▶ **Dataset content**:
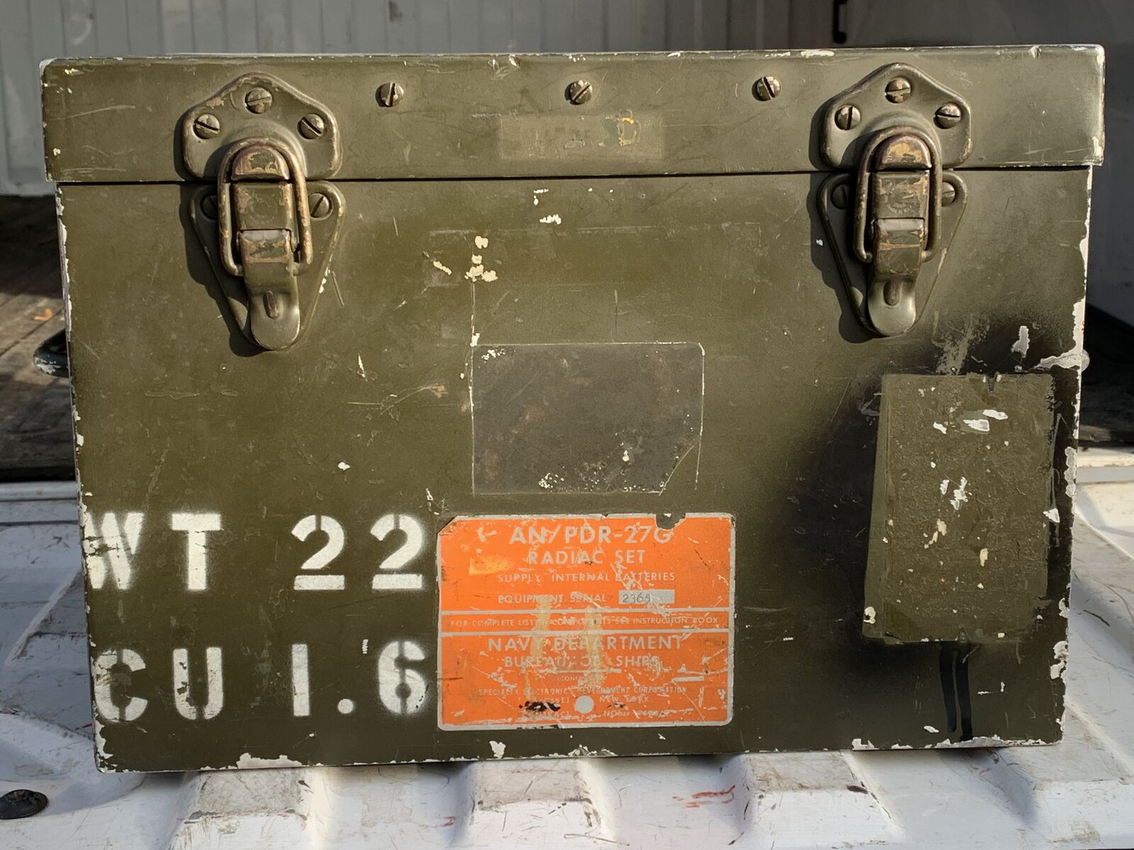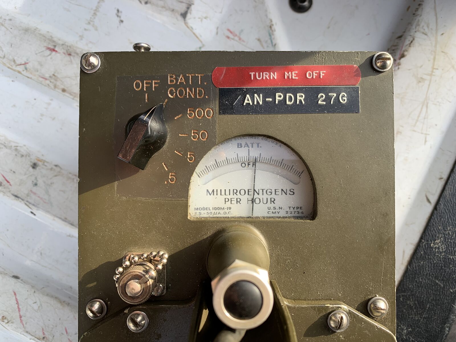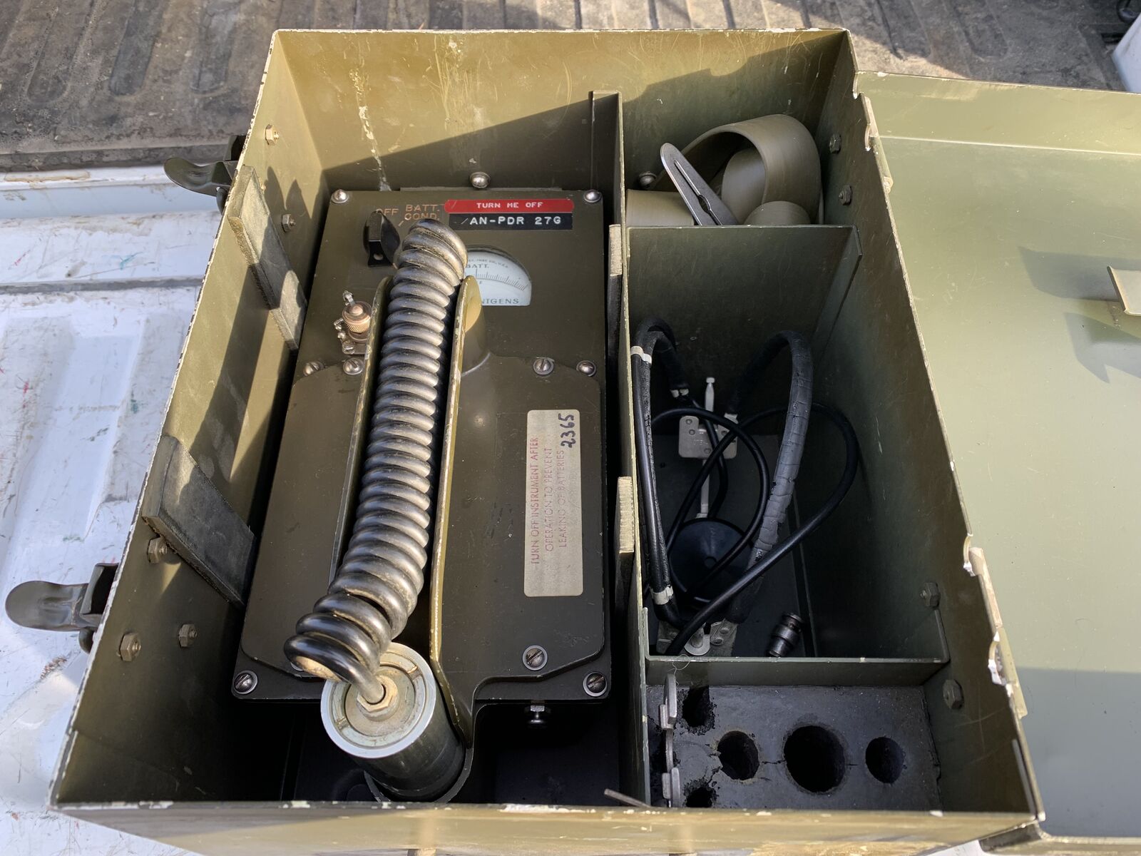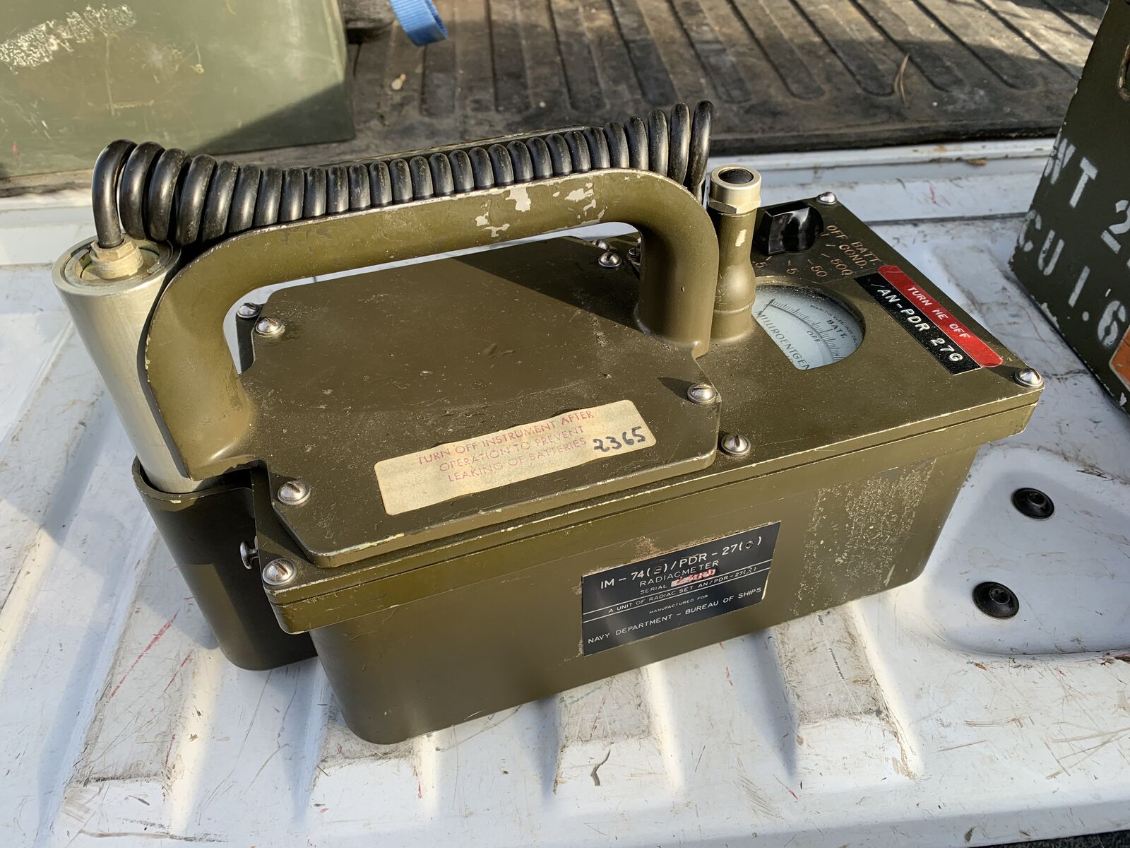 Cold War era grandad to the classic yellow Civil Defense Radiological meters. This awesome Radiacmeter IM-74(B) (Serial 2365) is in physically clean, great condition. It comes in it is original Navy Department Bureau of Ships steel transport case with shoulder carry strap and headset. Perfect for your display collection or part of your military truck load-out.
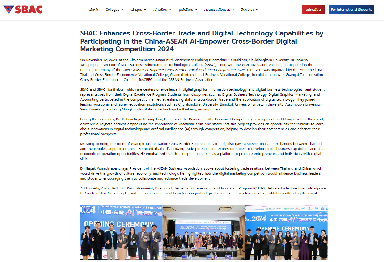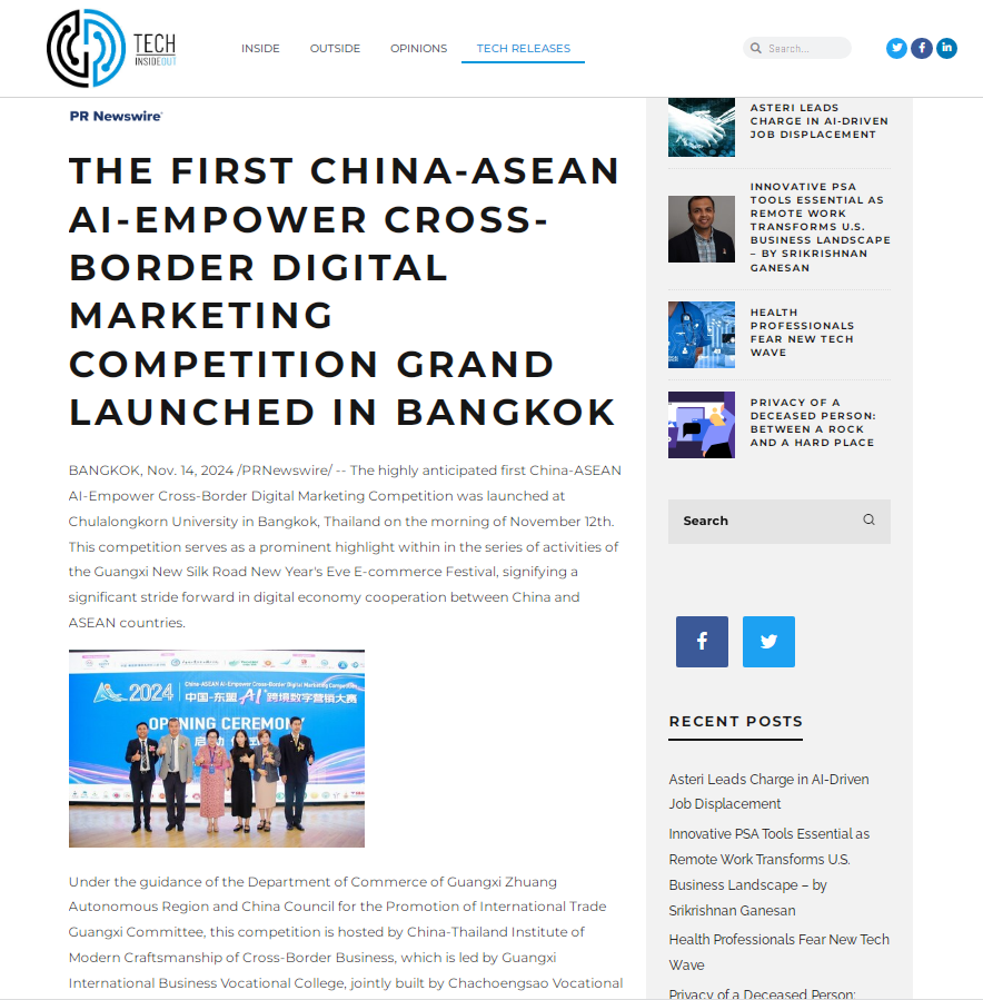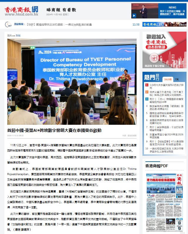 我校宣传稿件《The First China-ASEAN AI-empower Cross-border Digital Marketing Competition Grand Launched in Bangkok》(首届中国—东盟AI+跨境数字营销大赛在曼谷盛大启动)在大洋洲地区、亚太地区两个国家以及中国香港、澳门特别行政区,以三种语言同步发布,引发广泛关注。该稿件不仅成功登陆了当地主流媒体、门户网站及重点资讯网站,还被广泛转载落地,总量高达8家次,充分展现了我校的国际影响力。
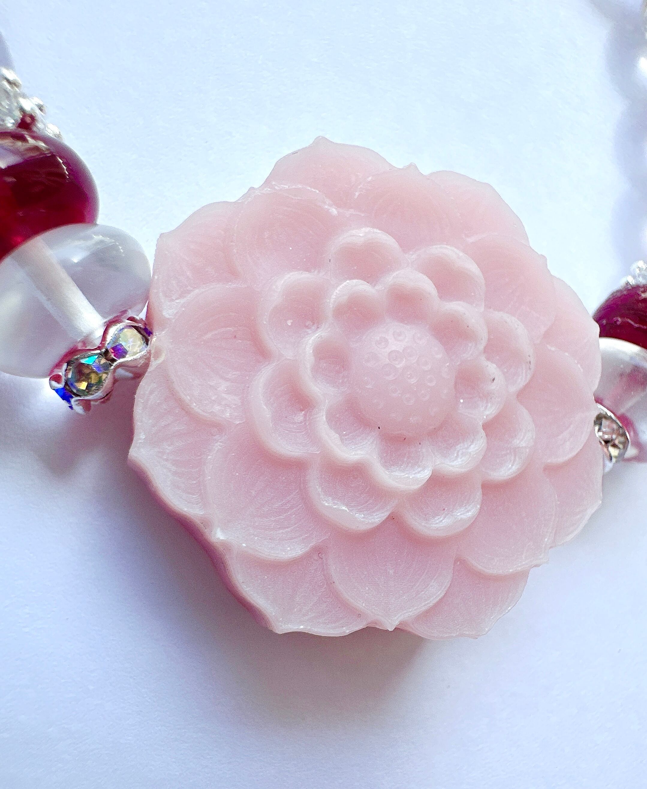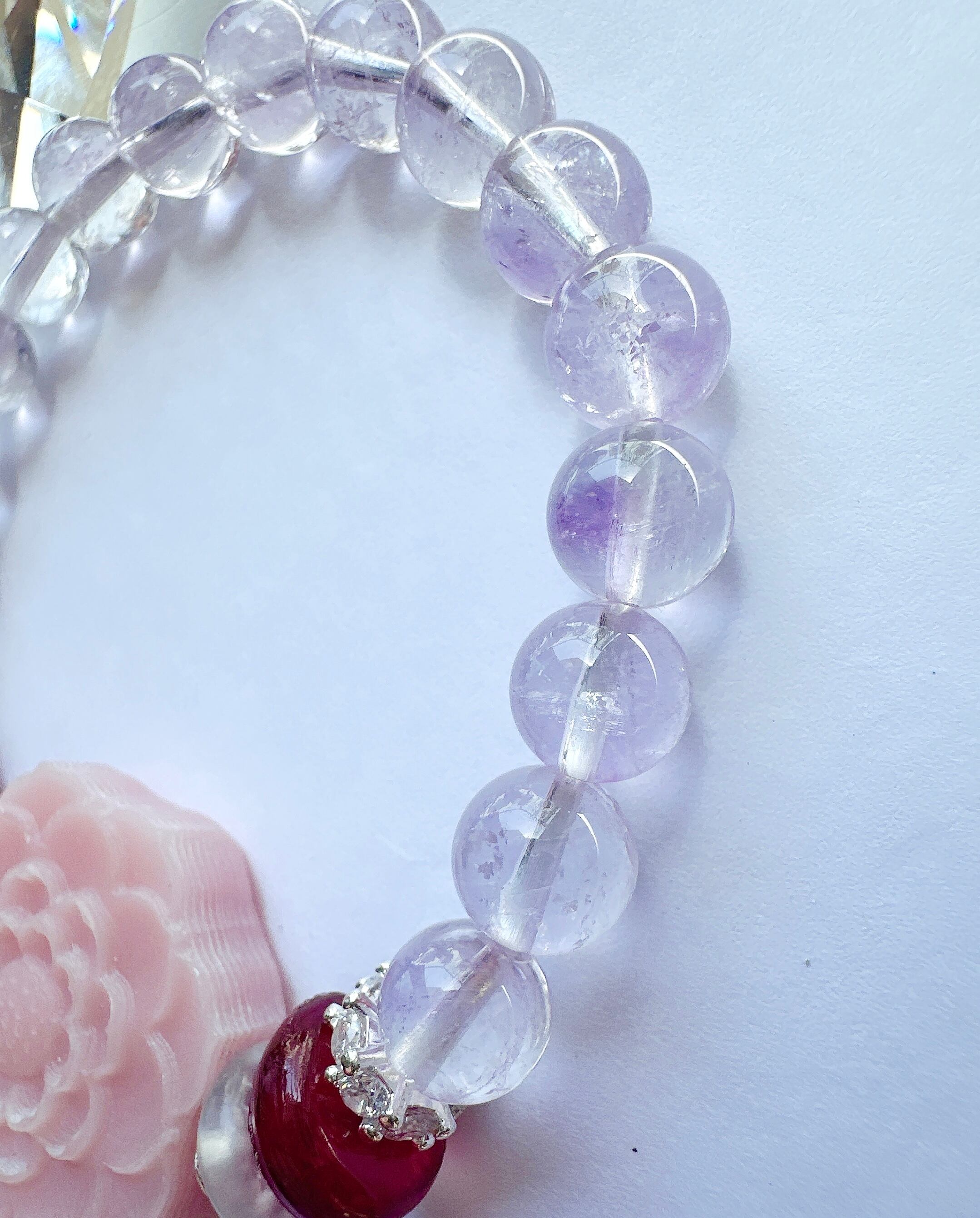 天然石 ブレスレット ピンクオパール 花 ラベンダーアメジスト 水晶は、可愛らしいピンクオパールの花をアクセントに、ラベンダーアメジストと水晶を組み合わせた天然石ブレスレットです。ピンクオパールは愛と癒しの石として知られ、ラベンダーアメジストはストレスを和らげる効果があります。水晶はパワーを高めるとされ、3種の石が組み合わさったパワフルな組み合わせとなっています。

▶ **What is required**:
Nothing but an exact copy of the data, without pictures, should be returned.

▶ **Problem solution**:
 Cold War era grandad to the classic yellow Civil Defense Radiological meters. This awesome Radiacmeter IM-74(B) (Serial 2365) is in physically clean, great condition. It comes in it is original Navy Department Bureau of Ships steel transport case with shoulder carry strap and headset. Perfect for your display collection or part of your military truck load-out.
 我校宣传稿件《The First China-ASEAN AI-empower Cross-border Digital Marketing Competition Grand Launched in Bangkok》(首届中国—东盟AI+跨境数字营销大赛在曼谷盛大启动)在大洋洲地区、亚太地区两个国家以及中国香港、澳门特别行政区,以三种语言同步发布,引发广泛关注。该稿件不仅成功登陆了当地主流媒体、门户网站及重点资讯网站,还被广泛转载落地,总量高达8家次,充分展现了我校的国际影响力。
 天然石 ブレスレット ピンクオパール 花 ラベンダーアメジスト 水晶は、可愛らしいピンクオパールの花をアクセントに、ラベンダーアメジストと水晶を組み合わせた天然石ブレスレットです。ピンクオパールは愛と癒しの石として知られ、ラベンダーアメジストはストレスを和らげる効果があります。水晶はパワーを高めるとされ、3種の石が組み合わさったパワフルな組み合わせとなっています。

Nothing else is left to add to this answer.